# Problem details:
Transcribe exactly the lines below that begin at the line with "香港金牛NBL季後賽主場對江西鯨裕清酒座位表" and stop after the line with "此次活动由团支书钱子璇主持。", leaving out every picture.

** Opening Data for this exercise block **

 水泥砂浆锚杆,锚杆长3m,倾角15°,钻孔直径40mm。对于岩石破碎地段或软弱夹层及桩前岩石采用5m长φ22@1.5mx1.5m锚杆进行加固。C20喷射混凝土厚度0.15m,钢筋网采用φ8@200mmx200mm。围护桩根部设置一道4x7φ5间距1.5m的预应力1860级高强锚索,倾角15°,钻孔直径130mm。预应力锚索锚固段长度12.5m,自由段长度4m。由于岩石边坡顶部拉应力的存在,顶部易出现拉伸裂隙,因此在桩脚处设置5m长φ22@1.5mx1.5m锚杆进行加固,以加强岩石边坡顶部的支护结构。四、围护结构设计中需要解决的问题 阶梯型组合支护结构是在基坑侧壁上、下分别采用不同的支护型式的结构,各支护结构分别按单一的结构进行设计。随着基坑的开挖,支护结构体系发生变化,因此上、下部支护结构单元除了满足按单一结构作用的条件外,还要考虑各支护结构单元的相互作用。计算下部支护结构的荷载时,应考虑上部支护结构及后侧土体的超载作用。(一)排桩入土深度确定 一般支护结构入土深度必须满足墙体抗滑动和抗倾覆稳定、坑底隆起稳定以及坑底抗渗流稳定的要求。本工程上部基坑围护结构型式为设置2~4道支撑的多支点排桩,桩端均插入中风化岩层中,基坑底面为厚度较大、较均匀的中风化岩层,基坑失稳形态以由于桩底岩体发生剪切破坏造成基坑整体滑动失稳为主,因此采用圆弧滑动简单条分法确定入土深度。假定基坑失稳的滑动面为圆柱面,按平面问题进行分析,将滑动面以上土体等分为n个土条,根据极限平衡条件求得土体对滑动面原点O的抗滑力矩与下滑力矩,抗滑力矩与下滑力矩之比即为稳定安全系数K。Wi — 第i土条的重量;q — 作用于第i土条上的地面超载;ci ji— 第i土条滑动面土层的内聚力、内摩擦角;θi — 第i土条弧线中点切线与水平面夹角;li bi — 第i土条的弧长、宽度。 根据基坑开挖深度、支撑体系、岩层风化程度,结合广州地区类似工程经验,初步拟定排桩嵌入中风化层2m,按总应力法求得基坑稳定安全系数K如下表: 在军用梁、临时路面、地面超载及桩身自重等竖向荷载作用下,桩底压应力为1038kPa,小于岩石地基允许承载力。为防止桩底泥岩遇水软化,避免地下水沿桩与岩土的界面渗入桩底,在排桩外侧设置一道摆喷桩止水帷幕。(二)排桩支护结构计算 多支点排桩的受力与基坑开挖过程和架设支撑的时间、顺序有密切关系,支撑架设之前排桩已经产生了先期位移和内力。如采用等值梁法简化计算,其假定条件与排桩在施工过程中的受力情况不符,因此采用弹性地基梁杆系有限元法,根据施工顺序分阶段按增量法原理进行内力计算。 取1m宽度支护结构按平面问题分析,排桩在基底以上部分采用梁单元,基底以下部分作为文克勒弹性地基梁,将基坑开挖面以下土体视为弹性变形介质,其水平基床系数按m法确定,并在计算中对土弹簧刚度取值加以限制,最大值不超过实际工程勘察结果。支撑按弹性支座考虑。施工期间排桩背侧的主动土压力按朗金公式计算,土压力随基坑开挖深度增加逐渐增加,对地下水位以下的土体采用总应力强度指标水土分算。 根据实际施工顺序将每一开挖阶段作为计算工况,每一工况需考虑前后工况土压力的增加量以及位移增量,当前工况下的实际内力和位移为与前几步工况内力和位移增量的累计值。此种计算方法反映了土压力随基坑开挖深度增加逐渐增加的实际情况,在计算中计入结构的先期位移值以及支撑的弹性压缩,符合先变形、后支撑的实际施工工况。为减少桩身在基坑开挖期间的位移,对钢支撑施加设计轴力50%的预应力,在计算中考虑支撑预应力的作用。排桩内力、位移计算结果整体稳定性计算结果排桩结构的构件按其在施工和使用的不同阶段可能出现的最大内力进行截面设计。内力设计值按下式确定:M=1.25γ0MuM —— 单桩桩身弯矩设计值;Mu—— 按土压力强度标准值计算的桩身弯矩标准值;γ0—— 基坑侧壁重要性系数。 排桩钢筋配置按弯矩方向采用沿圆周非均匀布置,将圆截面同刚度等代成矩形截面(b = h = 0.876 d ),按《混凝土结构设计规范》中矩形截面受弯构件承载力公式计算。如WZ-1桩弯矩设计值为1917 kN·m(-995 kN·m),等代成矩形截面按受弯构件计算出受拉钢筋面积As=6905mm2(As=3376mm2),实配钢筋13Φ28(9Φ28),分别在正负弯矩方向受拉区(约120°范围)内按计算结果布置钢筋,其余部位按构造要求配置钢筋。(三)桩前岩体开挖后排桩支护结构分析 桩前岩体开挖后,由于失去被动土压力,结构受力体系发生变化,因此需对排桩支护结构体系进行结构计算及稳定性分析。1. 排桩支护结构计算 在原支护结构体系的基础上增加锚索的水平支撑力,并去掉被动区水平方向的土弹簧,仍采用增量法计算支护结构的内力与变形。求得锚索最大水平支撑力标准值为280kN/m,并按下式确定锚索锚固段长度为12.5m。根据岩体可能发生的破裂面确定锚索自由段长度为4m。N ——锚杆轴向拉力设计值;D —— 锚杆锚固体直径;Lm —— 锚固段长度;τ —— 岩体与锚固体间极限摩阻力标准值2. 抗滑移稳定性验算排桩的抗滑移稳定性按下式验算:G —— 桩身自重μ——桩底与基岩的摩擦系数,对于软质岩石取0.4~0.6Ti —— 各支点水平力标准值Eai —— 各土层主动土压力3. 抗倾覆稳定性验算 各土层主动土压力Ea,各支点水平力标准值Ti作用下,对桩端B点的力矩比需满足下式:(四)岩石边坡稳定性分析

** Closing Data for this exercise block **
** Opening Data for this exercise block **

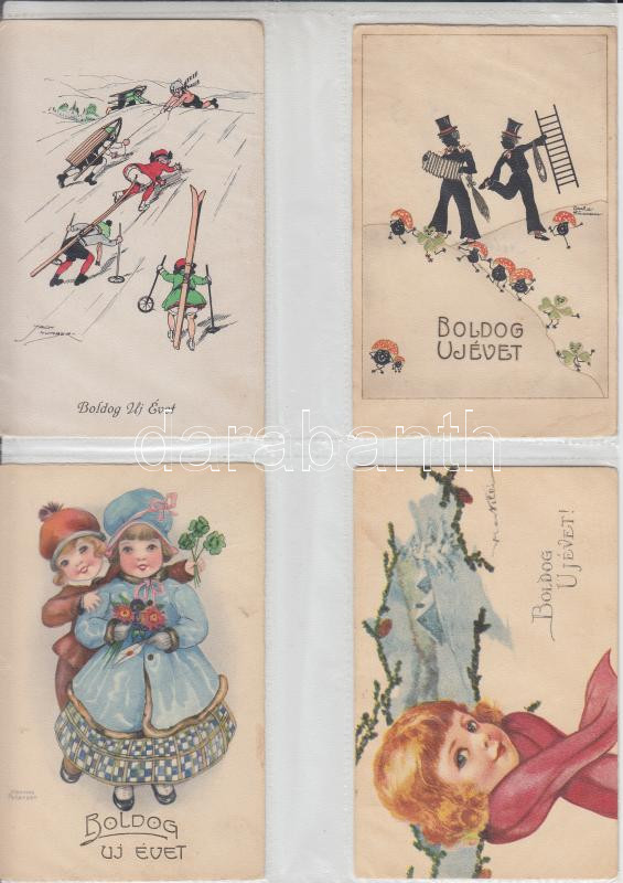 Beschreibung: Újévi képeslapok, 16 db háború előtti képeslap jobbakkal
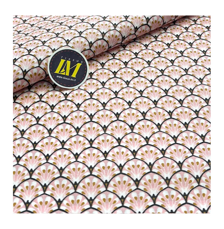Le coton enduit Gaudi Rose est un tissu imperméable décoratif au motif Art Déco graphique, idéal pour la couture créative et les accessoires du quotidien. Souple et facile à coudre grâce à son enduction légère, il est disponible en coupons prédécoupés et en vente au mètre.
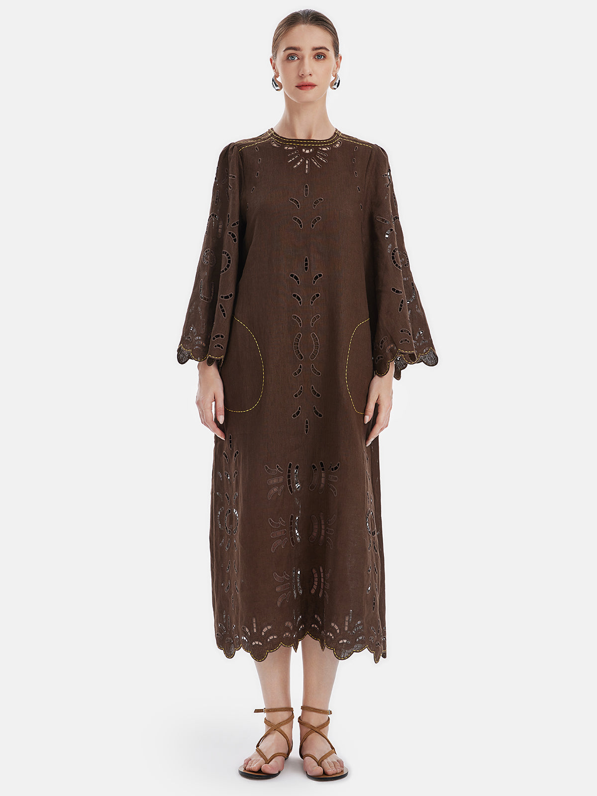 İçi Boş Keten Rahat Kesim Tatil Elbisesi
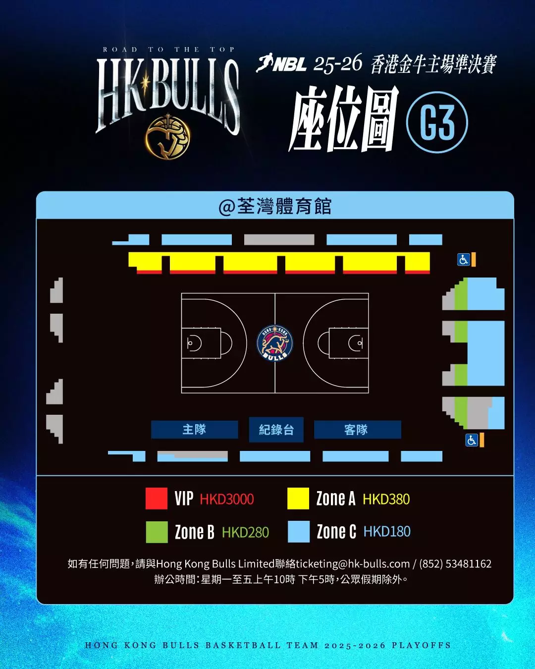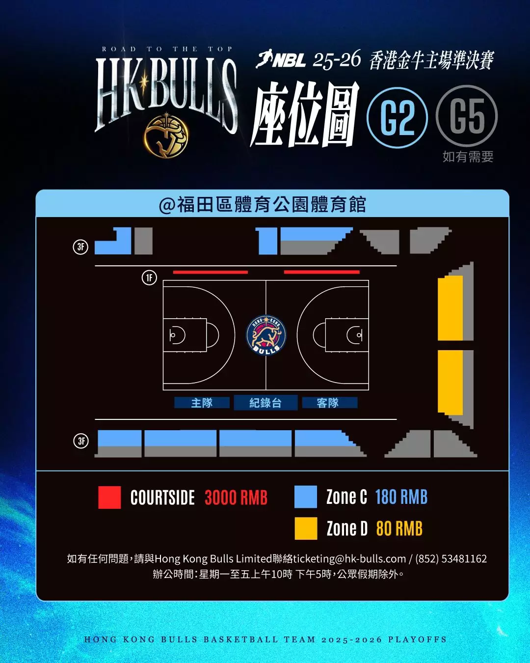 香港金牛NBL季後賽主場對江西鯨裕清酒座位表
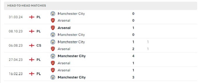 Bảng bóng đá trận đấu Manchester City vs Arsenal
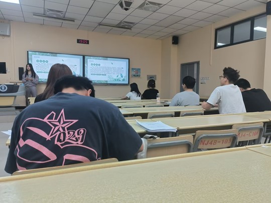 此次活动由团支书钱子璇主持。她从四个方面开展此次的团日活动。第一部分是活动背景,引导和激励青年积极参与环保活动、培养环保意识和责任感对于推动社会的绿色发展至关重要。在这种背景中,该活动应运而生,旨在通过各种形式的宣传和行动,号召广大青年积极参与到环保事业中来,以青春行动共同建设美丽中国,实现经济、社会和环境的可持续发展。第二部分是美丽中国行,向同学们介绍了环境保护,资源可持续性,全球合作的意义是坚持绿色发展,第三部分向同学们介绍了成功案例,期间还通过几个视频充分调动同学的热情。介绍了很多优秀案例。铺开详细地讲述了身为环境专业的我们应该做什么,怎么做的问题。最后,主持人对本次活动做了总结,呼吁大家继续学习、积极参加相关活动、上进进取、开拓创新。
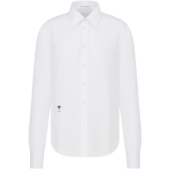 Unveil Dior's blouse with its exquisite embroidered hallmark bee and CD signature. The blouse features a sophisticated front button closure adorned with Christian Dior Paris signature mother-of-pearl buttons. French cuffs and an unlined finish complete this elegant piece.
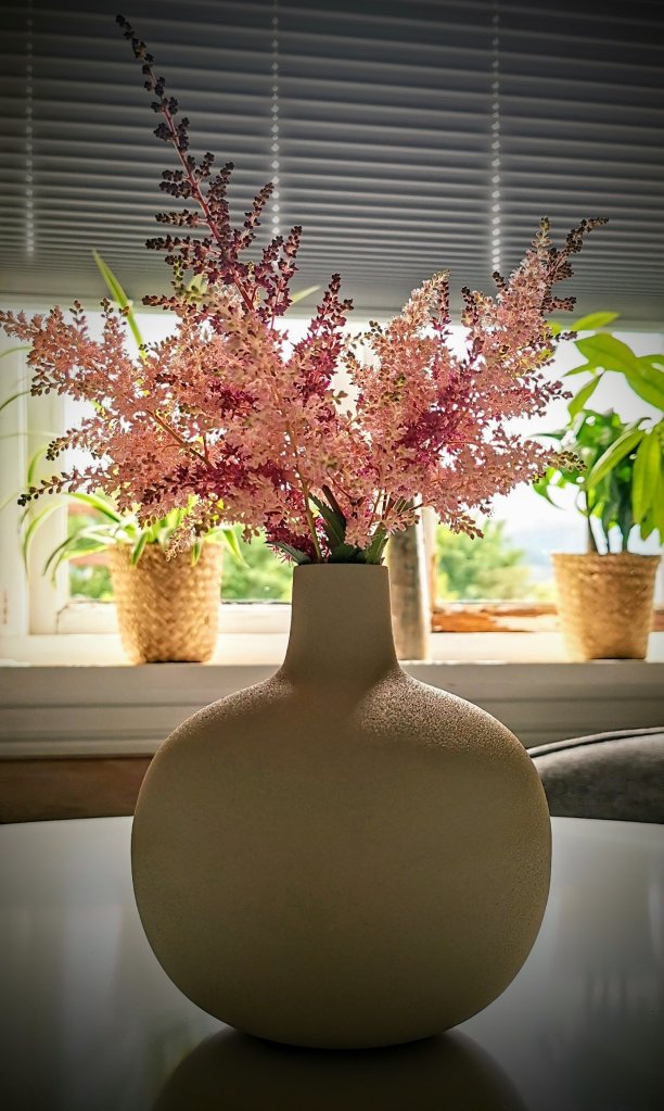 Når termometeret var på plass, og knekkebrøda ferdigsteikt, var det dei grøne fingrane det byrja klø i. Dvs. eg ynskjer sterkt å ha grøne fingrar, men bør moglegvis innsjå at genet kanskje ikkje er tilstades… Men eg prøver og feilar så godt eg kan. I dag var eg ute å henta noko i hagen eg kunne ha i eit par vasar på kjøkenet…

** Closing Data for this exercise block **

# Result of this task:
 香港金牛NBL季後賽主場對江西鯨裕清酒座位表
 Bảng bóng đá trận đấu Manchester City vs Arsenal
 此次活动由团支书钱子璇主持。她从四个方面开展此次的团日活动。第一部分是活动背景,引导和激励青年积极参与环保活动、培养环保意识和责任感对于推动社会的绿色发展至关重要。在这种背景中,该活动应运而生,旨在通过各种形式的宣传和行动,号召广大青年积极参与到环保事业中来,以青春行动共同建设美丽中国,实现经济、社会和环境的可持续发展。第二部分是美丽中国行,向同学们介绍了环境保护,资源可持续性,全球合作的意义是坚持绿色发展,第三部分向同学们介绍了成功案例,期间还通过几个视频充分调动同学的热情。介绍了很多优秀案例。铺开详细地讲述了身为环境专业的我们应该做什么,怎么做的问题。最后,主持人对本次活动做了总结,呼吁大家继续学习、积极参加相关活动、上进进取、开拓创新。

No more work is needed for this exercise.